But for the other eigenvectors of ${\bf P}^{-1}$, I don't know how to classify them. (or any other property which could be of interest)

Answer 1

Suppose $P$ is an invertible, right-stochastic matrix. First, note the row sums of $P$ are equal to $1$, and as such so are the row sums of $P^{-1}$. (See this question.) Second, note that $P^{-1}$ is likewise right-stochastic if and only if $P$ is a permutation matrix (in which case $P = P^{-1}$). (See this other question). An implication of these two results is that each row in $P^{-1}$ contains at least one nonpositive element.

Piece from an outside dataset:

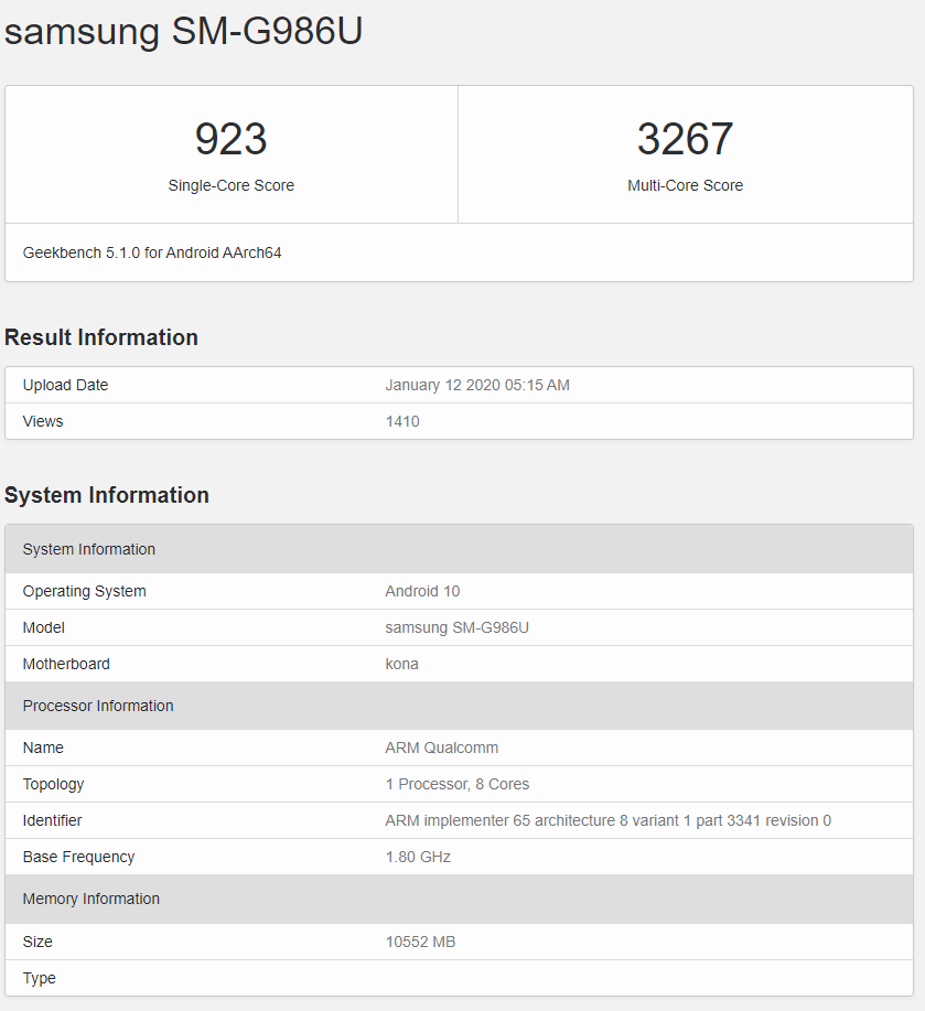 Further, there is hardly any difference in terms of specs as both the variants come with same SD865 SoC coupled with 12GB RAM and runs on Android 10 out of the box. Apart from that, all the models listed in Geekbench comes with 5G support. All the three models under Galaxy S20 series performed average might be due to the testing unit.
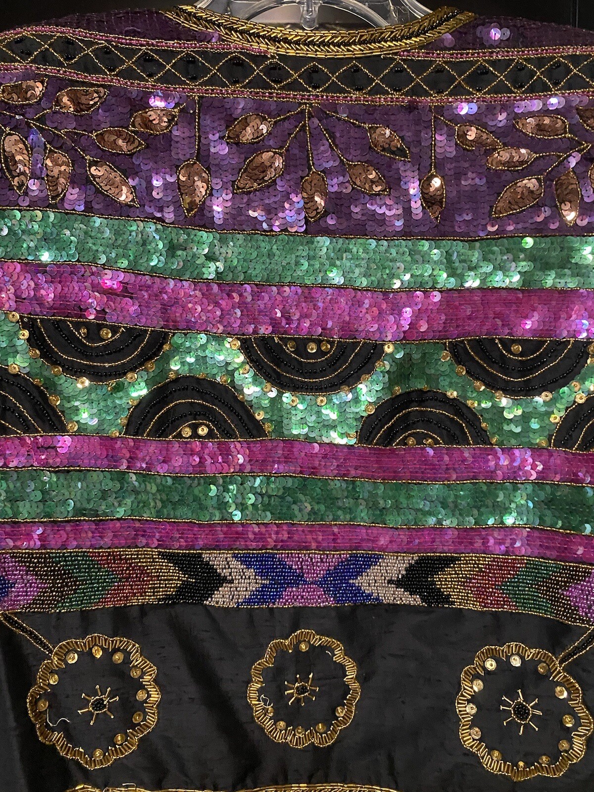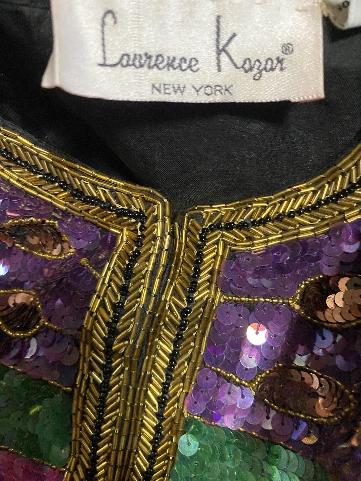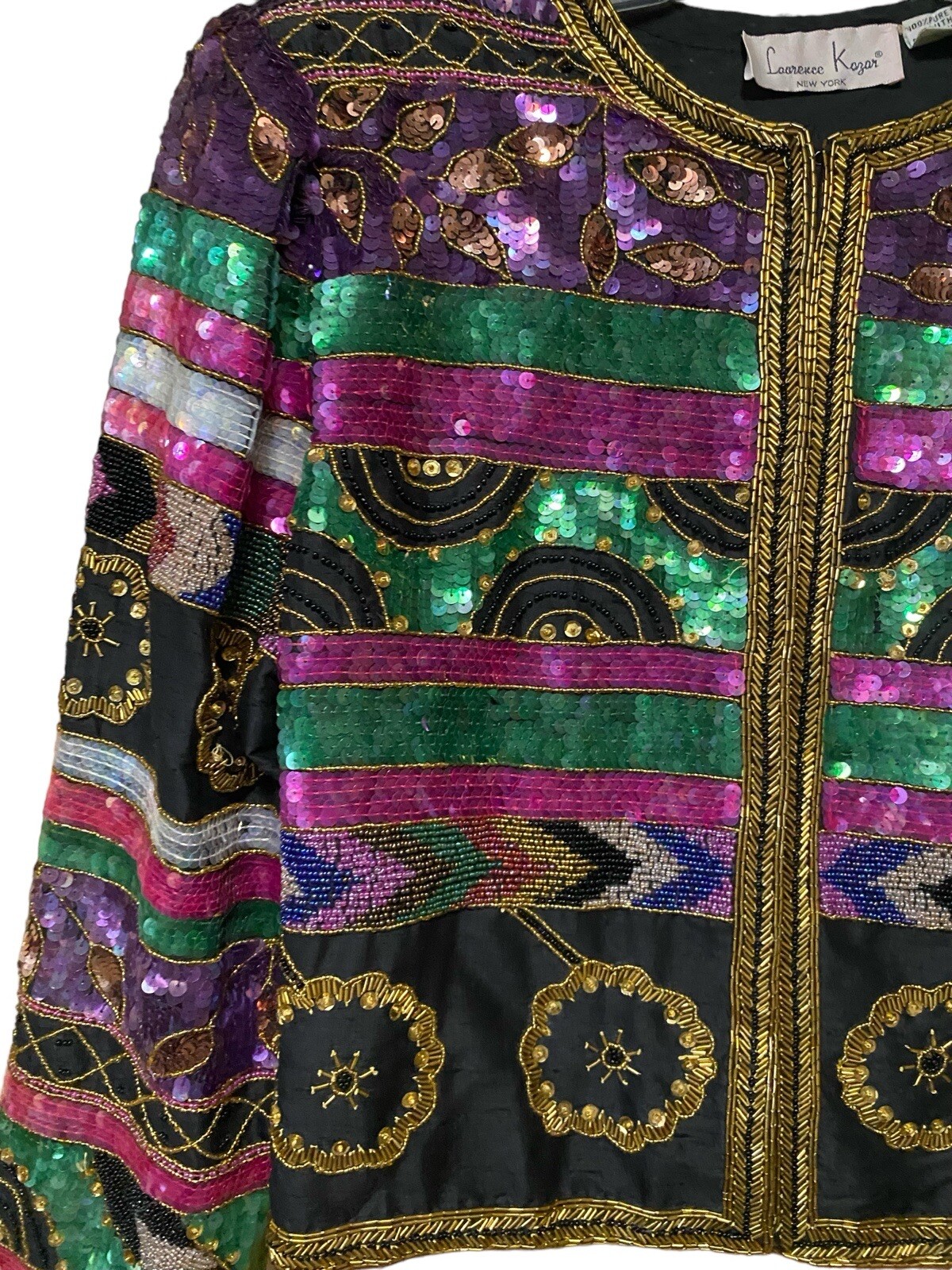 как выглядит VTG Laurence Kazar Black Multi Silk Beaded Sequin Evening Jacket Blazer L фото

That is to say that each row of $P^{-1}$ is necessarily an affine combination of the standard basis vectors, just not one that is a strict convex combination.

Let $\mathrm{conv}(M)$ denote the convex hull of the rows of matrix $M$. Geometrically, $\mathrm{conv}(P)$ is enclosed by the standard simplex (whose vertices are the standard basis vectors), and its inverse $P^{-1}$ is an enclosure of the standard simplex.

For example, if $$ P = \left[ \begin{array}{3} \color{blue}{0.60} & \color{blue}{0.30} & \color{blue}{0.10} \\ \color{orange}{0.15} & \color{orange}{0.70} & \color{orange}{0.15} \\ \color{green}{0.25} & \color{green}{0.00} & \color{green}{0.75} \end{array} \right], $$ then the geometry is as in the illustration below.

A notable special case is $P^{-1}$ with all off-diagonal elements nonpositive (and thus diagonal elements greater than or equal to $1$). In such a case, $P^{-1}$ is an $M$-matrix. Note that every invertible $M$-matrix with row sums equal to $1$ has a right-stochastic inverse.